**Exercise directions**
Write each entry out again verbatim, pictures excluded.

========

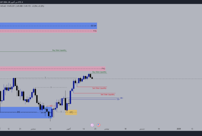 عاود السعر بالصعود وكسر هيكل السوق الهابط داخلياً وتحول للصعود لغاية ما وصلنا لمنطقة BPR كتير مهمة كان متوقع من السعر اغلاق اسفل مناطق ال 50% ومن ثم تواجد دلالة بيعية ومعاودة الهبوط لكن الدعم الاخير يلي صار على الدولار من قبل الاخبار ساعد السعر انو يصعد للاعلى زيادة عن اللزوم
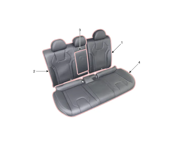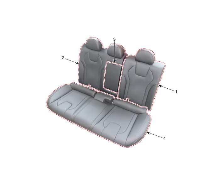 | 1. Rear seat back assembly [LH] 2. Rear seat back assembly [RH] | 3. Rear seat back armrest 4. Rear seat cushion assembly |
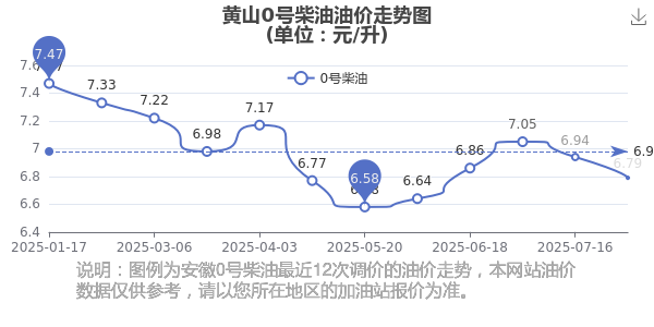 黄山0号柴油9月27日的价格为每升6.79元,本次油价的调整时间8月27日,对比上次油价调整时间7月16日的价格6.94元/升,共跌了0.15元,跌幅达2.161%。
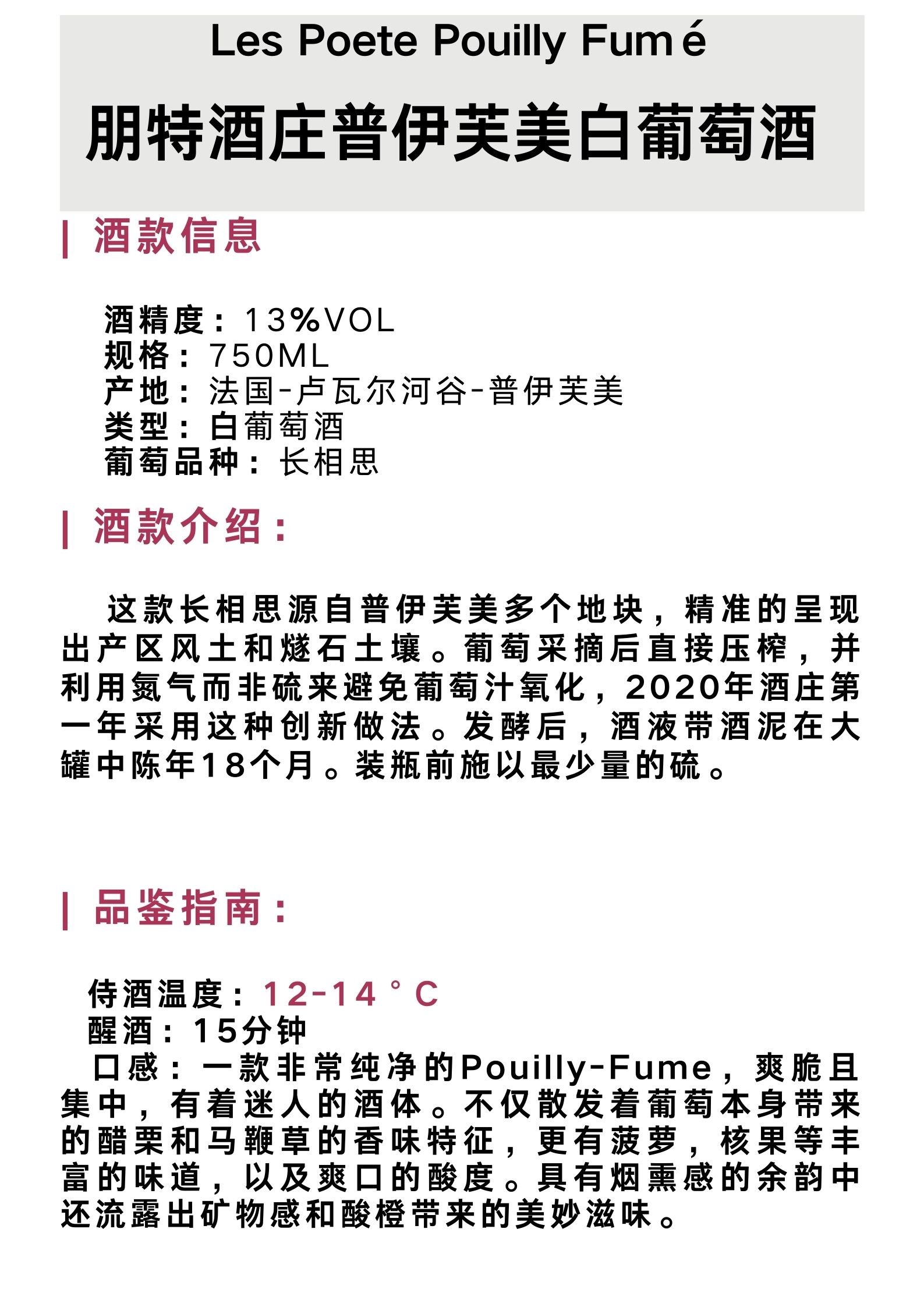 朋特酒庄普伊芙美白葡萄酒 Les Poete Pouilly Fumé
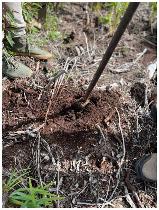 At each site, using a stainless-steel auger (5 cm diameter), composite samples were collected from two depth intervals (10 cm and 40 cm) across three land use types (natural forest, open land, and cultivated areas), with three replicates per combination (totalling 54 samples for C, N, and pH analysis and 36 for respiration measurements). Samples were homogenised, air-dried, and sieved (2 mm mesh) prior to analysis. In this study, organic carbon was determined using the dry combustion method with an elemental analyser at 900 °C. Total nitrogen was measured via the micro-Kjeldahl digestion method [], while soil pH was analysed potentiometrically in 1:2.5 soil-water suspensions []. Microbial respiration was quantified through 7-day incubations (25 °C) using the closed bottle method with KOH trapping and HCl titration [].

========

**Completed task**
 عاود السعر بالصعود وكسر هيكل السوق الهابط داخلياً وتحول للصعود لغاية ما وصلنا لمنطقة BPR كتير مهمة كان متوقع من السعر اغلاق اسفل مناطق ال 50% ومن ثم تواجد دلالة بيعية ومعاودة الهبوط لكن الدعم الاخير يلي صار على الدولار من قبل الاخبار ساعد السعر انو يصعد للاعلى زيادة عن اللزوم
 | 1. Rear seat back assembly [LH] 2. Rear seat back assembly [RH] | 3. Rear seat back armrest 4. Rear seat cushion assembly |
 黄山0号柴油9月27日的价格为每升6.79元,本次油价的调整时间8月27日,对比上次油价调整时间7月16日的价格6.94元/升,共跌了0.15元,跌幅达2.161%。
 朋特酒庄普伊芙美白葡萄酒 Les Poete Pouilly Fumé
 At each site, using a stainless-steel auger (5 cm diameter), composite samples were collected from two depth intervals (10 cm and 40 cm) across three land use types (natural forest, open land, and cultivated areas), with three replicates per combination (totalling 54 samples for C, N, and pH analysis and 36 for respiration measurements). Samples were homogenised, air-dried, and sieved (2 mm mesh) prior to analysis. In this study, organic carbon was determined using the dry combustion method with an elemental analyser at 900 °C. Total nitrogen was measured via the micro-Kjeldahl digestion method [], while soil pH was analysed potentiometrically in 1:2.5 soil-water suspensions []. Microbial respiration was quantified through 7-day incubations (25 °C) using the closed bottle method with KOH trapping and HCl titration [].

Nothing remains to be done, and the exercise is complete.